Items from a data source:
+++
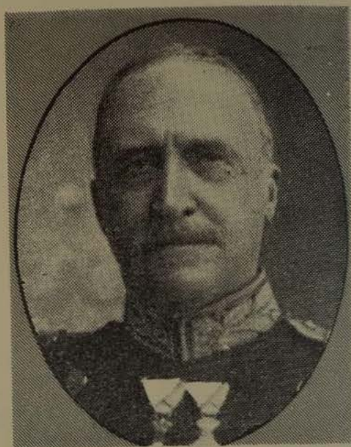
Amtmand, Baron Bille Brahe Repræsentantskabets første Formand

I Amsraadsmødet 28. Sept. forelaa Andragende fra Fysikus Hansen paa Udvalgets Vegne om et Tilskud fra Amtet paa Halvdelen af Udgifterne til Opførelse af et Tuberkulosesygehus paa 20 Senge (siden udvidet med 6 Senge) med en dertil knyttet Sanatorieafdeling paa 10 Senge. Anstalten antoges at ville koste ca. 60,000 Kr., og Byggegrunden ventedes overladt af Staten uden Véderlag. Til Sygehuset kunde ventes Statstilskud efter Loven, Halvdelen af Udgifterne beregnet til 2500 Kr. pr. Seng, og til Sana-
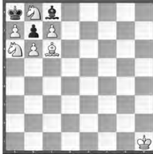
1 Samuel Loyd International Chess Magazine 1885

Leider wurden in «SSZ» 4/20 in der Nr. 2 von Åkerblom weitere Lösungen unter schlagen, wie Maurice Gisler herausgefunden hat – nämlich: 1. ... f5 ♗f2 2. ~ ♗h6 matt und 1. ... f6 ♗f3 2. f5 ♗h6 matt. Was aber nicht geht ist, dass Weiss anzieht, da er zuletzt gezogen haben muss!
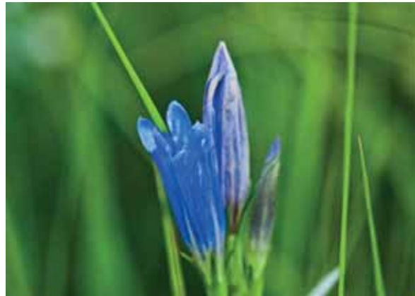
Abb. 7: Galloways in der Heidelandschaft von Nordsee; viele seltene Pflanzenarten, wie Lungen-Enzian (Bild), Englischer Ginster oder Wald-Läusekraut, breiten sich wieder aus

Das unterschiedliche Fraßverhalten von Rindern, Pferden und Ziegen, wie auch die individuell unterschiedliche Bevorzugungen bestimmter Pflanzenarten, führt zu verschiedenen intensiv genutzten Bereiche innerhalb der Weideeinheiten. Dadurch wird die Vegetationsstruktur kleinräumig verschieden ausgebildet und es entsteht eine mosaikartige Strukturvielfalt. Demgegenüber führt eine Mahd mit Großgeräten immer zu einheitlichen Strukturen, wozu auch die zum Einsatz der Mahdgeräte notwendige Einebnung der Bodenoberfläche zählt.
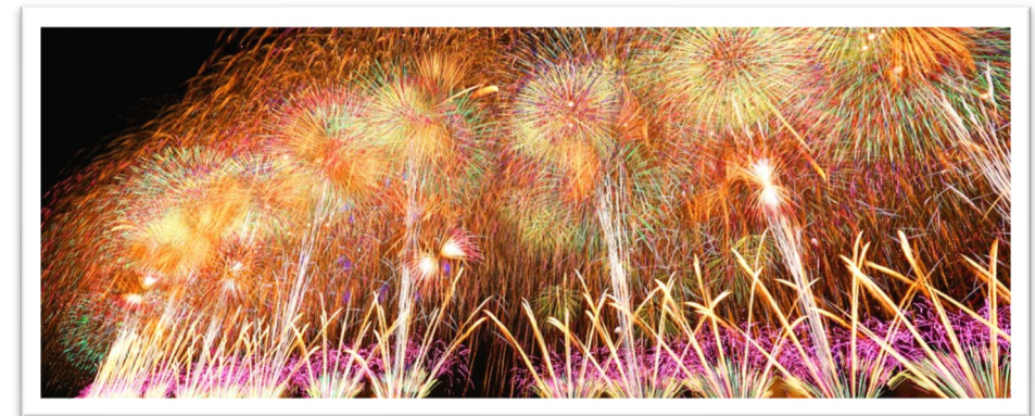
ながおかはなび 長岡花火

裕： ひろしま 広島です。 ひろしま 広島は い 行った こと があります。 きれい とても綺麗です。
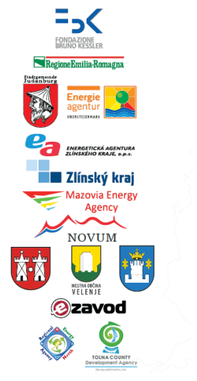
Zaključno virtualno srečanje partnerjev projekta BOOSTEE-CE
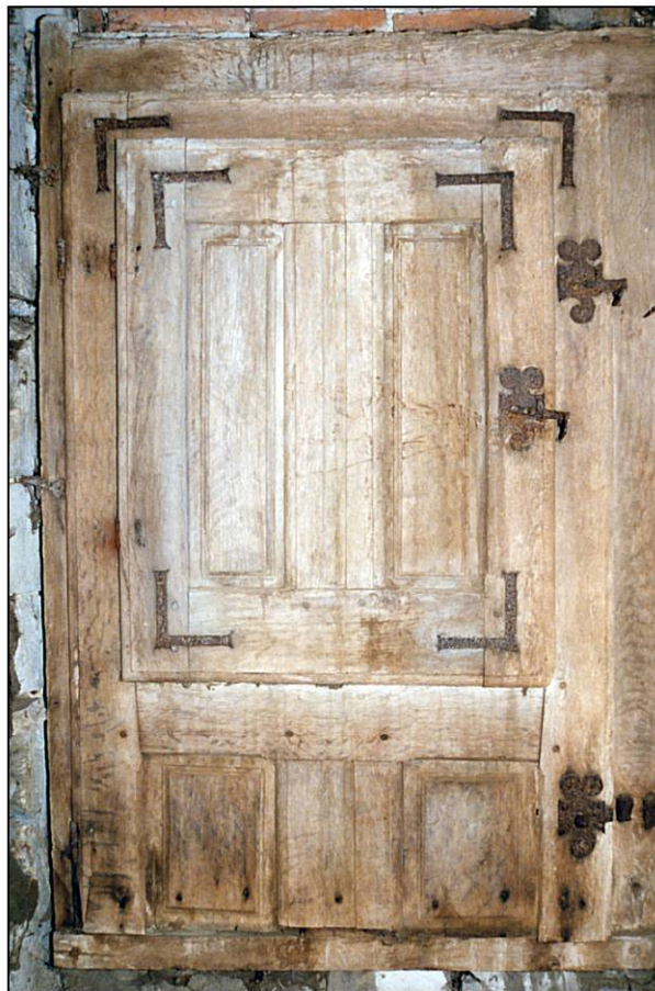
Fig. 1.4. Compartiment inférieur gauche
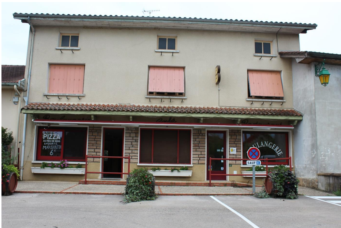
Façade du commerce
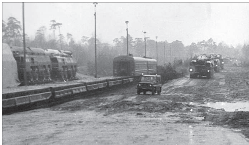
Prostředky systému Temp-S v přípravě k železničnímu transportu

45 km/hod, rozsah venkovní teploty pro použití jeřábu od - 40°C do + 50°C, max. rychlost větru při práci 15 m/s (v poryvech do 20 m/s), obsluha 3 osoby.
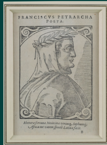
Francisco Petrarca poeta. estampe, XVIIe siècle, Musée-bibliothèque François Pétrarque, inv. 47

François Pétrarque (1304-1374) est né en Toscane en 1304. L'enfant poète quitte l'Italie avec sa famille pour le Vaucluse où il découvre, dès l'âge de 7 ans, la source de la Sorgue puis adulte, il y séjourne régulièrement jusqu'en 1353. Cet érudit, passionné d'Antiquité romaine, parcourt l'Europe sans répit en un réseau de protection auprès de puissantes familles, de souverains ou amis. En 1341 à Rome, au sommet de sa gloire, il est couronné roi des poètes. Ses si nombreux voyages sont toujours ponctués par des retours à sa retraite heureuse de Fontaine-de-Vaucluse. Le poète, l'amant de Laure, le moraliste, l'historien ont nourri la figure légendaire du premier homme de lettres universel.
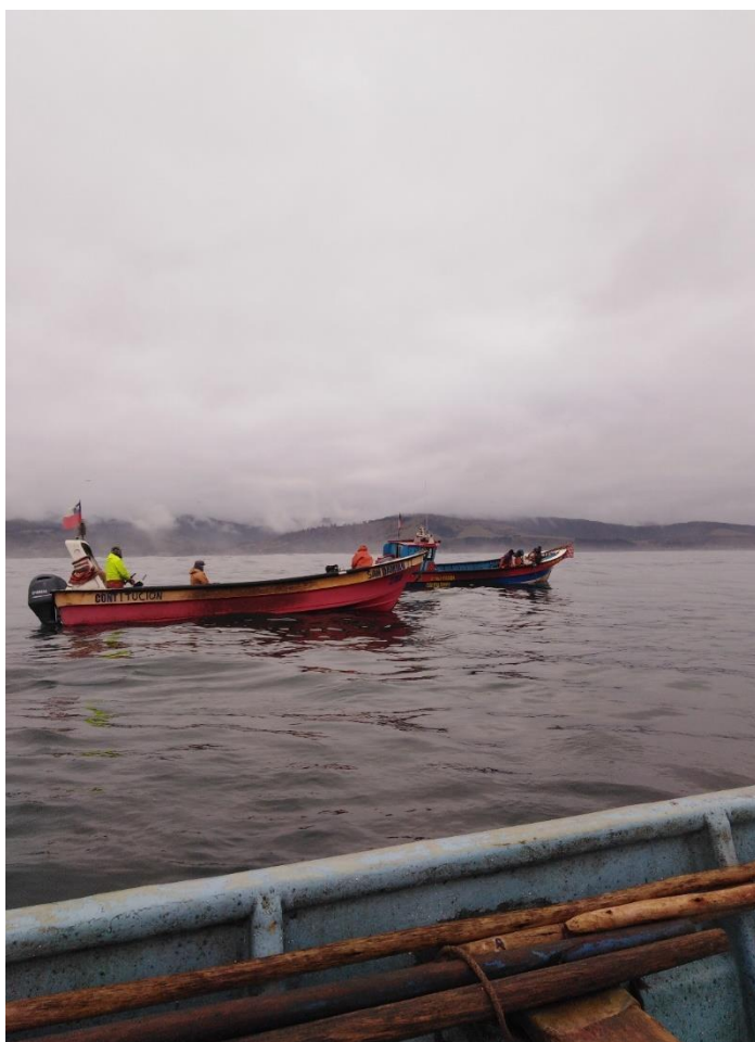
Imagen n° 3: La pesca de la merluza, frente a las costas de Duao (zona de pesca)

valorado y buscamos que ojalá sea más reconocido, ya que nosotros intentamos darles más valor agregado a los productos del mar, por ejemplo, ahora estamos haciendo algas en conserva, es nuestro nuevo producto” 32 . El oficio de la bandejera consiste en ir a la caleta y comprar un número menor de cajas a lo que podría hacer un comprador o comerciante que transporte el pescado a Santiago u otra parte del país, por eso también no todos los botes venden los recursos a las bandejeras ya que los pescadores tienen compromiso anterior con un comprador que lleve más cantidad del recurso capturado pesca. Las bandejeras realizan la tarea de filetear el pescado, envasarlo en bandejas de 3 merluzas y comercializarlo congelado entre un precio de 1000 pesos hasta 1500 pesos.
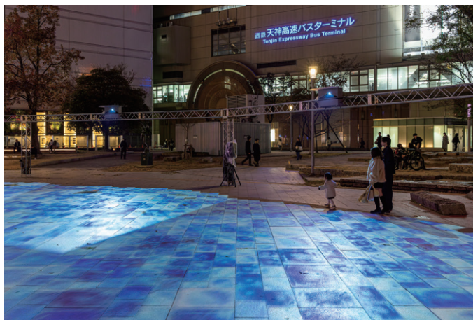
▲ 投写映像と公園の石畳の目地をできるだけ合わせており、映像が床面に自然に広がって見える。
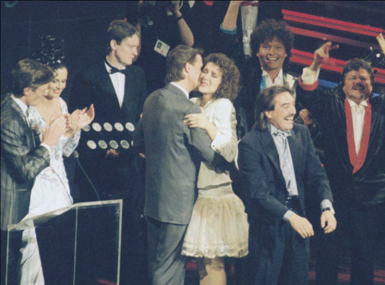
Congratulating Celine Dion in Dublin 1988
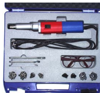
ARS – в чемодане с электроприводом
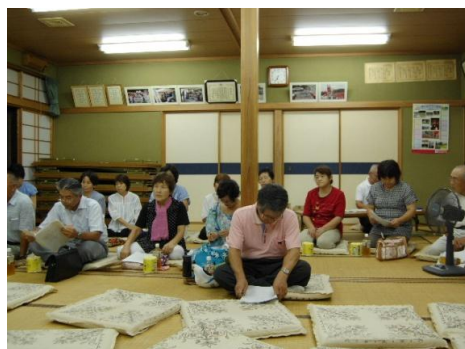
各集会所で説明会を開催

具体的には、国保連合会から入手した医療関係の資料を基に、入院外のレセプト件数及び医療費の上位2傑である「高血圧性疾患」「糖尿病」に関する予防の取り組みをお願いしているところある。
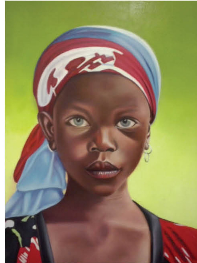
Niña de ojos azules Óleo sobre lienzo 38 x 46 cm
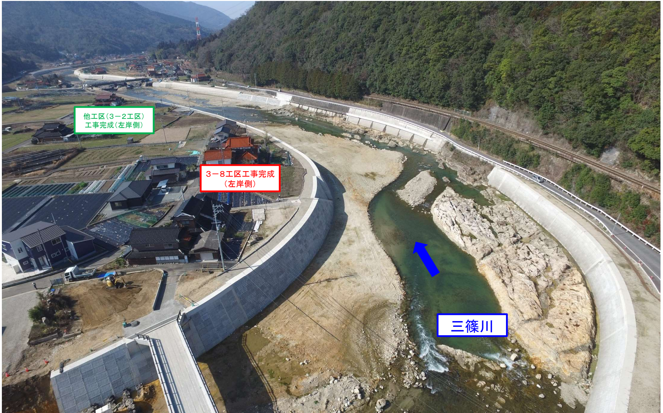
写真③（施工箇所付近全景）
+++
**WORK TO COMPLETE**
Every line from the one containing "valorado y buscamos" to the final line of the records must be transcribed exactly, both ends included, with the pictures left out.

**EXERCISE ANSWER**
valorado y buscamos que ojalá sea más reconocido, ya que nosotros intentamos darles más valor agregado a los productos del mar, por ejemplo, ahora estamos haciendo algas en conserva, es nuestro nuevo producto” 32 . El oficio de la bandejera consiste en ir a la caleta y comprar un número menor de cajas a lo que podría hacer un comprador o comerciante que transporte el pescado a Santiago u otra parte del país, por eso también no todos los botes venden los recursos a las bandejeras ya que los pescadores tienen compromiso anterior con un comprador que lleve más cantidad del recurso capturado pesca. Las bandejeras realizan la tarea de filetear el pescado, envasarlo en bandejas de 3 merluzas y comercializarlo congelado entre un precio de 1000 pesos hasta 1500 pesos.
▲ 投写映像と公園の石畳の目地をできるだけ合わせており、映像が床面に自然に広がって見える。
Congratulating Celine Dion in Dublin 1988
ARS – в чемодане с электроприводом
各集会所で説明会を開催

具体的には、国保連合会から入手した医療関係の資料を基に、入院外のレセプト件数及び医療費の上位2傑である「高血圧性疾患」「糖尿病」に関する予防の取り組みをお願いしているところある。
Niña de ojos azules Óleo sobre lienzo 38 x 46 cm
写真③（施工箇所付近全景）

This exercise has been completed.